───── Dataset entries ─────

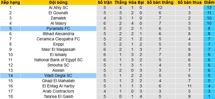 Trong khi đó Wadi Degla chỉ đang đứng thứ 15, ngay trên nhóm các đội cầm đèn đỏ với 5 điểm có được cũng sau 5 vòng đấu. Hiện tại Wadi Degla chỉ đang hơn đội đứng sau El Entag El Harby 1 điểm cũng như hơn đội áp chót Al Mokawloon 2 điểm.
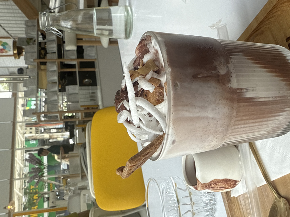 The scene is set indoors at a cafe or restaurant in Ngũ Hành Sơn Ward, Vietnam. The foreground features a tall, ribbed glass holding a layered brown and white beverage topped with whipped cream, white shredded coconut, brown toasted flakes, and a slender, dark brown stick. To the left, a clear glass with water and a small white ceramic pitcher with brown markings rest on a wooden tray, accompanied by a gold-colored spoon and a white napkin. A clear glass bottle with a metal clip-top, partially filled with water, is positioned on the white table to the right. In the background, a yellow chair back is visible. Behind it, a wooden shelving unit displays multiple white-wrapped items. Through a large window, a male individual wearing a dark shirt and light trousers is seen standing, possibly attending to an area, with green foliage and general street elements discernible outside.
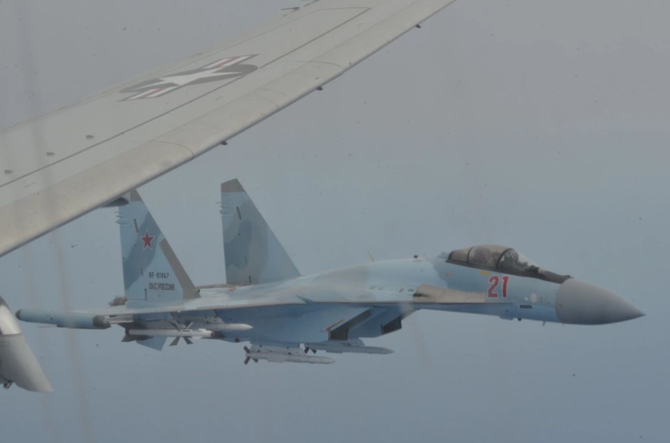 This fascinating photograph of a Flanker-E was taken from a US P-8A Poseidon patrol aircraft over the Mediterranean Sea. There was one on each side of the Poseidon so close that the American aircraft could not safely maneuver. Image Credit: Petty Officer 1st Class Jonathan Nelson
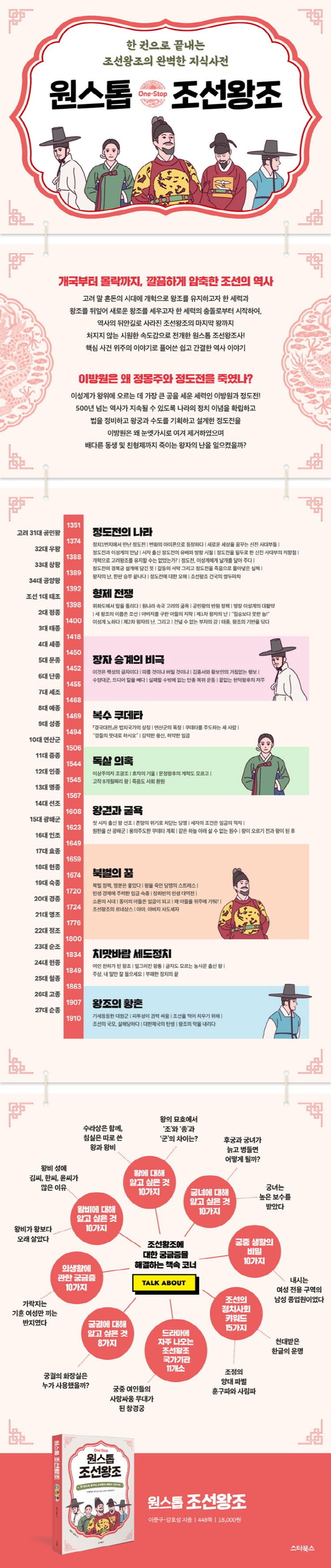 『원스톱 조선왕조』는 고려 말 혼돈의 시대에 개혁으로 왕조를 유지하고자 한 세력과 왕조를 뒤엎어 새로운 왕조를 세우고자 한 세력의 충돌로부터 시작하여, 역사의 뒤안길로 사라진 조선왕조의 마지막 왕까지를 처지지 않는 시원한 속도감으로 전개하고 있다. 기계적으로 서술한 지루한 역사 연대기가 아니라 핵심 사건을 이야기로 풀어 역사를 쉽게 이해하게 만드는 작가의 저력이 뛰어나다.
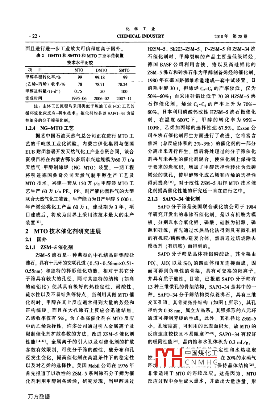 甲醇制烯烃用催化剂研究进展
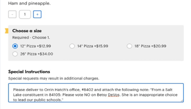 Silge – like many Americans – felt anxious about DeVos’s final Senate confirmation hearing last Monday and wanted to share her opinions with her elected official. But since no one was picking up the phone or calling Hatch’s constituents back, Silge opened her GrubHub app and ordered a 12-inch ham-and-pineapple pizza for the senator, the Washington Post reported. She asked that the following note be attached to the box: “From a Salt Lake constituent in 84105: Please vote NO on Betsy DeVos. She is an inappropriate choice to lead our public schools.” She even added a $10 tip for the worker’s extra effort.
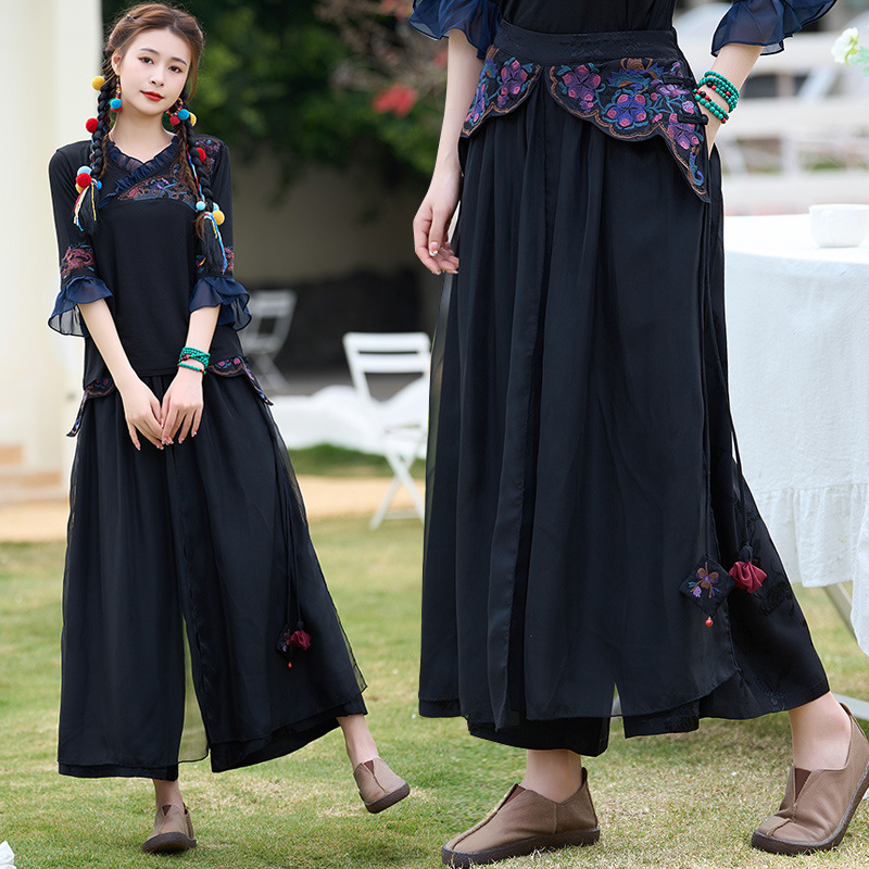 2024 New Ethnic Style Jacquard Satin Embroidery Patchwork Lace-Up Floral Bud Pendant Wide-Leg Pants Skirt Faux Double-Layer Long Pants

─────
───── Dataset entries ─────

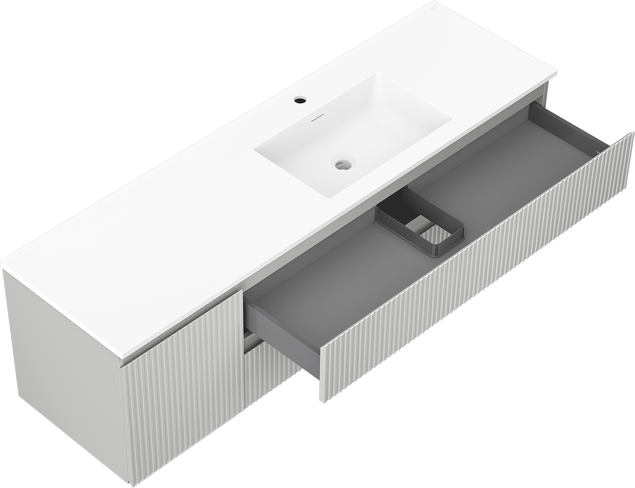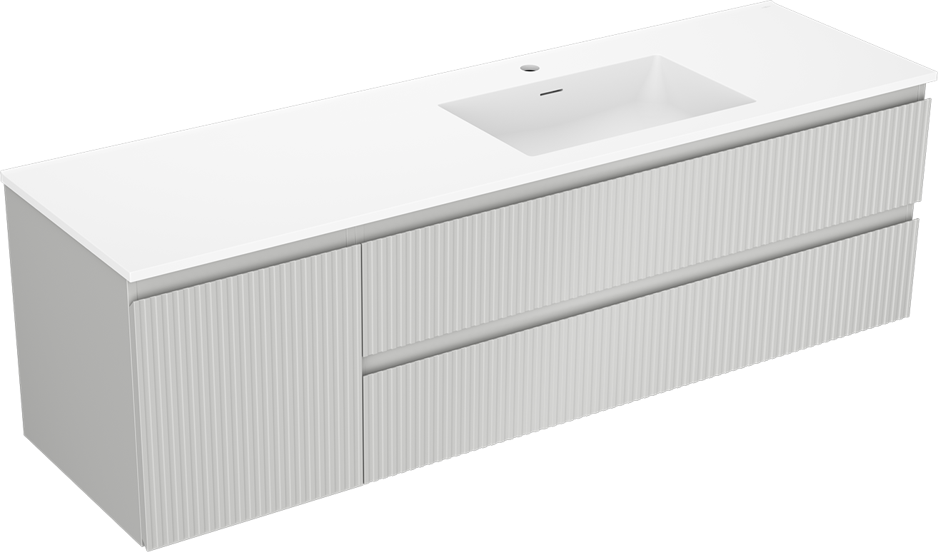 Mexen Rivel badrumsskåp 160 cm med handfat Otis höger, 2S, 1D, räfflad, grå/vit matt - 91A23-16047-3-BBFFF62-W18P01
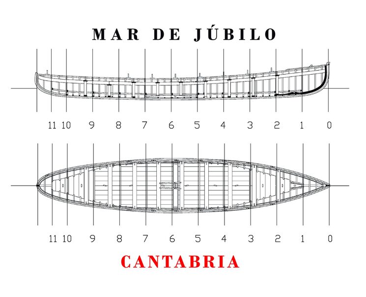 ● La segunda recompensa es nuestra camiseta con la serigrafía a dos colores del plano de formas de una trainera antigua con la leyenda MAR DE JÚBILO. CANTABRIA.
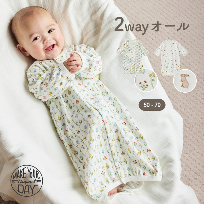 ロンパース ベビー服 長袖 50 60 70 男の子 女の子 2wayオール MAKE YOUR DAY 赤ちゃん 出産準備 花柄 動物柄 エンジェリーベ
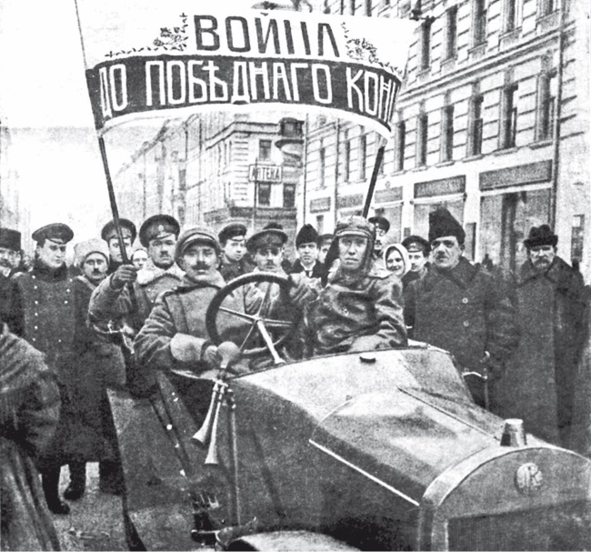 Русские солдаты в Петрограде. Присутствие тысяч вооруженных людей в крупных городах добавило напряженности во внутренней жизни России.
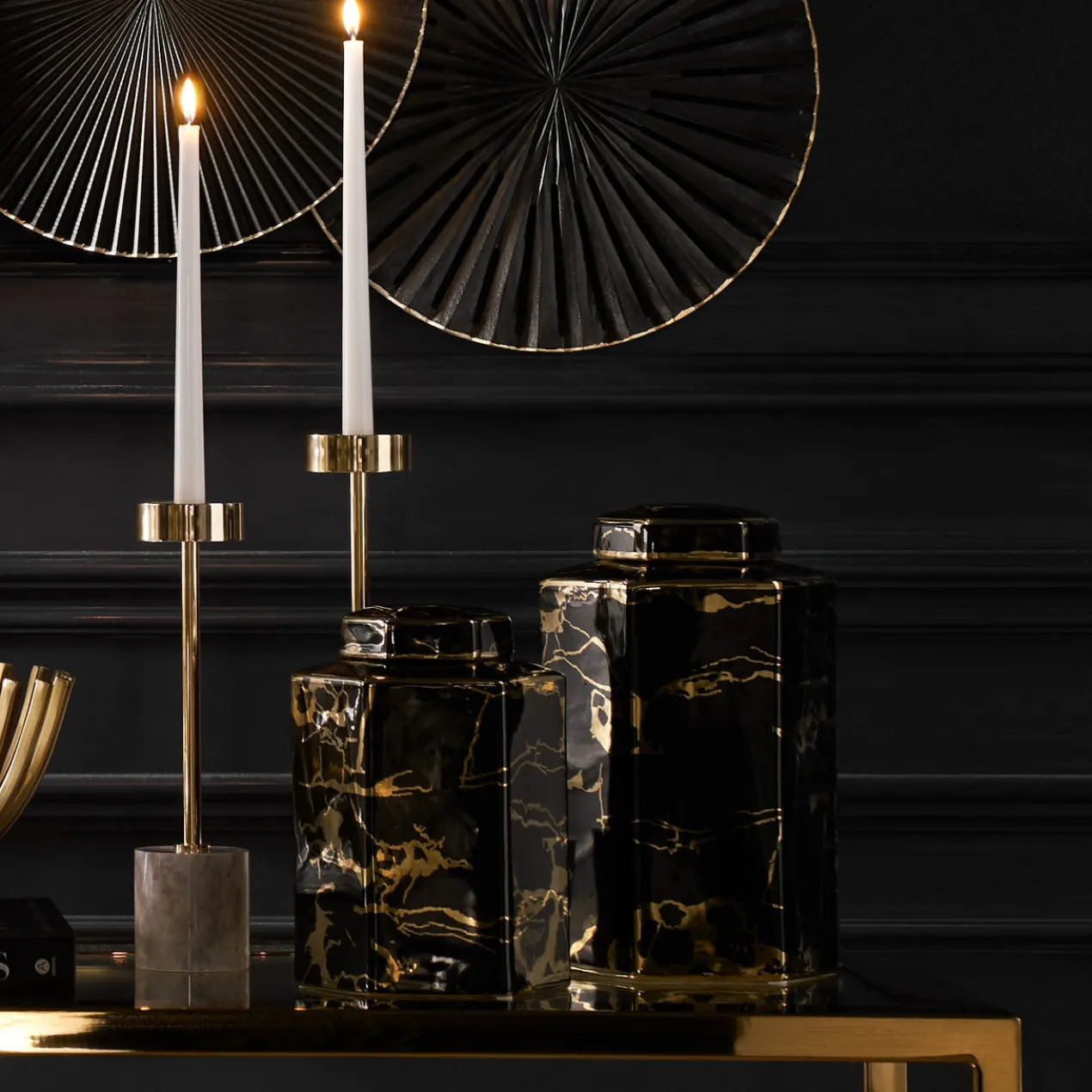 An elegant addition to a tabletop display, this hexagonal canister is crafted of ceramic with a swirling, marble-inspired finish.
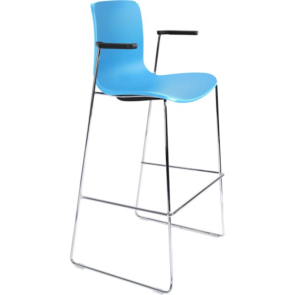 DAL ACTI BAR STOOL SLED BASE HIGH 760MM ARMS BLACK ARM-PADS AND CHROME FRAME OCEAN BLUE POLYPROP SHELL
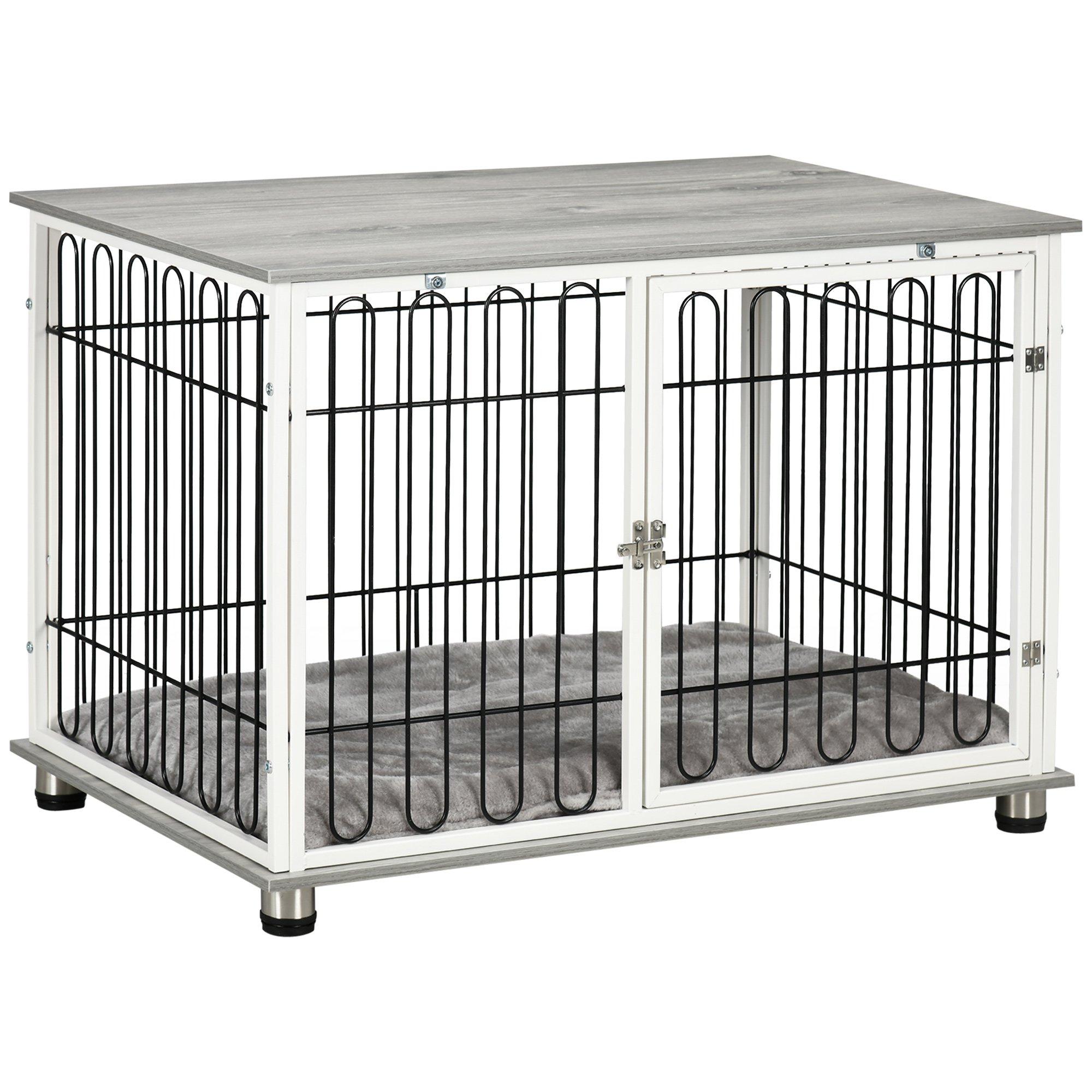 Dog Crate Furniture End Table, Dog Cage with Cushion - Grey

─────

What you should do: An exact copy of the lines above from the one with "Trong khi đó" up to and including the one with "The scene is" is required; reproduce only those lines, omitting all pictures.

The completed task:
 Trong khi đó Wadi Degla chỉ đang đứng thứ 15, ngay trên nhóm các đội cầm đèn đỏ với 5 điểm có được cũng sau 5 vòng đấu. Hiện tại Wadi Degla chỉ đang hơn đội đứng sau El Entag El Harby 1 điểm cũng như hơn đội áp chót Al Mokawloon 2 điểm.
 The scene is set indoors at a cafe or restaurant in Ngũ Hành Sơn Ward, Vietnam. The foreground features a tall, ribbed glass holding a layered brown and white beverage topped with whipped cream, white shredded coconut, brown toasted flakes, and a slender, dark brown stick. To the left, a clear glass with water and a small white ceramic pitcher with brown markings rest on a wooden tray, accompanied by a gold-colored spoon and a white napkin. A clear glass bottle with a metal clip-top, partially filled with water, is positioned on the white table to the right. In the background, a yellow chair back is visible. Behind it, a wooden shelving unit displays multiple white-wrapped items. Through a large window, a male individual wearing a dark shirt and light trousers is seen standing, possibly attending to an area, with green foliage and general street elements discernible outside.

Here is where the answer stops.